Entertainment

This Netflix Horror Movie May Have You Clearing The Art Off Your Walls

by Danielle Burgos
Claudette Barius/Netflix

For many, the most frightening thing about art are the price tags and gatekeeping, both of which get a solid knock in Netflix's latest original movie, Velvet Buzzsaw. The irony of the movie being one of the service's attempt at gaining scene cred, their second movie premiering at Sundance for a burnish of "legitimacy" days before it starts streaming on Feb. 1, is pretty thick. But though this is a case of the pot calling the kettle black, the real test of the horror movie's mettle will be finding out just how scary Velvet Buzzsaw really is.

The film follows pretentious art critic Morf Vandewalt, played by Jake Gyllenhaal, as he makes his smug way through the art world. His pronouncements on art and artists aren't based on the actual work, but on cementing his opinion as make-or-break in the vicious and catty world of high art. Toni Collette and Rene Russo are gallery folk more obsessed on the money end, and John Malkovich plays a still-famous but washed up artist whose talent was always questionable.

Director/writer Dan Gilroy has worked with Gyllenhaal and (real-life wife) Russo before, on the eerie cautionary tale Nightcrawler. That film, about a young man (Gyllenhaal) who falls into photographing grisly crime scenes at the behest of a jaded news editor (Russo) who pushes him to go further, mirrors Velvet Buzzsaw in many ways — the objects supposedly at the center of each (violence and art, respectively) don't actually matter so much as the manipulators around them using them for their own gains. Where the question comes up naturally in Nightcrawler, as we can see the physical damage and pain being recorded, Velvet Buzzsaw has a supernatural mirror held up to the horrors.

If r/CreepyArt keeps you up at night, this movie will probably have you permanently revoking your MoMA membership. When a now-deceased artist's work is discovered by his gallery-adjacent neighbor, everyone, including Morf, believes they can manipulate the works into The Next Big Thing. That the pieces actually elicit emotion is merely bonus. It comes out that the paintings were specifically requested destroyed by their creator, who spent significant time in an institution for the criminally insane, and were created using real blood.
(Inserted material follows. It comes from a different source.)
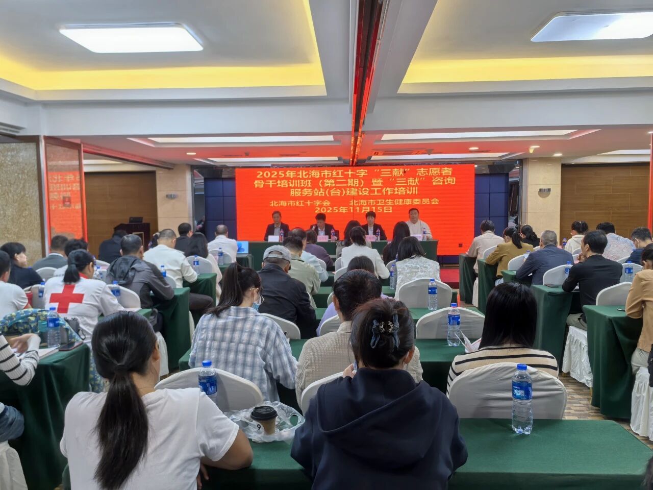 为进一步加强“三献”志愿服务队伍建设,深入贯彻落实《广西壮族自治区“三献”咨询服务站(台)标准化建设方案》,推动我市“三献”(无偿献血、造血干细胞捐献、遗体和人体器官捐献)事业高质量发展,2025年11月15日,北海市红十字会与市卫生健康委联合举办2025年北海市红十字“三献”志愿者骨干培训班(第二期)暨“三献”咨询服务站(台)建设工作培训。市红十字会党组成员、专职副会长伍海燕,市卫生健康委党组成员、副主任刘存军,中国造血干细胞捐献者资料库广西管理中心副主任冯晓春等出席开班仪式。
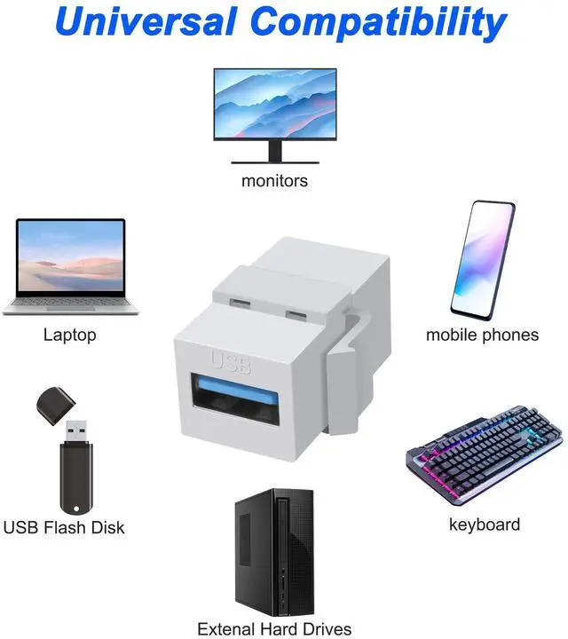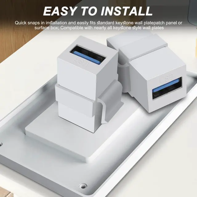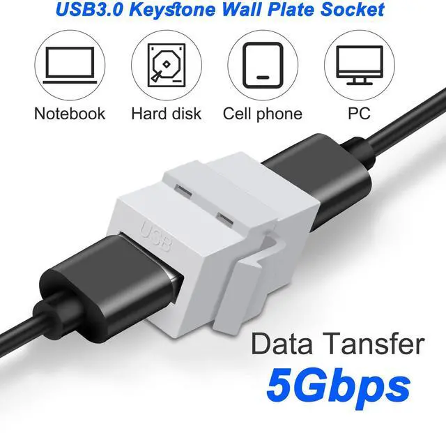USB 3.0 keystone plug-in Connects two USB 3.0 or USB 2.0 cables with USB Type A male end. The USB keystone fits into the standard opening of a wiring board or wallboard keystone jack.

While this brings up a separate issue, namely that once again a Netflix product appears to lean heavily (and lazily) on the trope of mental illness as shorthand for villainy or distrust, there's also the difficulty of making paintings coming to life frightening. The trailer leans heavily on images of monkeys in one painting reaching out and attacking a man - if you're afraid of monkeys that might be truly terrifying, but art coming to life in movie's been more silly than scary. Delia Deetz's admittedly eerie sculptures coming to life through animation and puppetry in Tim Burton's Beetlejuice is played for laughs; even Ghostbusters II, where the portrait of Vigo the Carpathian becoming a portal for his vicious spirit to return is the entire plot, isn't exactly terrifying. That last example hasn't gone unnoticed by fans of the franchise — there's already a mashup of Gyllenhaal's critic reviewing Ghostbusters' painting out in the world.

If you're truly horrified by art world excesses and hypocrisies, you'll likely get satisfaction from Buzzsaw's depictions of outsider art comeuppance, and if you're one of the art world stereotypes targeted, it's likely you'll be more tickled than terrified seeing scene folk get torn apart or, in one image, literally colored by the works you're judging. For everyone else, Velvet Buzzsaw looks like an indulgence of shorthand ideas about art and the wealthy without offering more than some jump scares — if one of Jeff Koons' hideous balloon sculptures were to come to vengeful life, even if you felt in danger, would you be scared? Whether Velvet Buzzsaw manages to instill fear in installations remains to be seen, but it's unlikely to truly frighten any but those with a fear of gallery markups.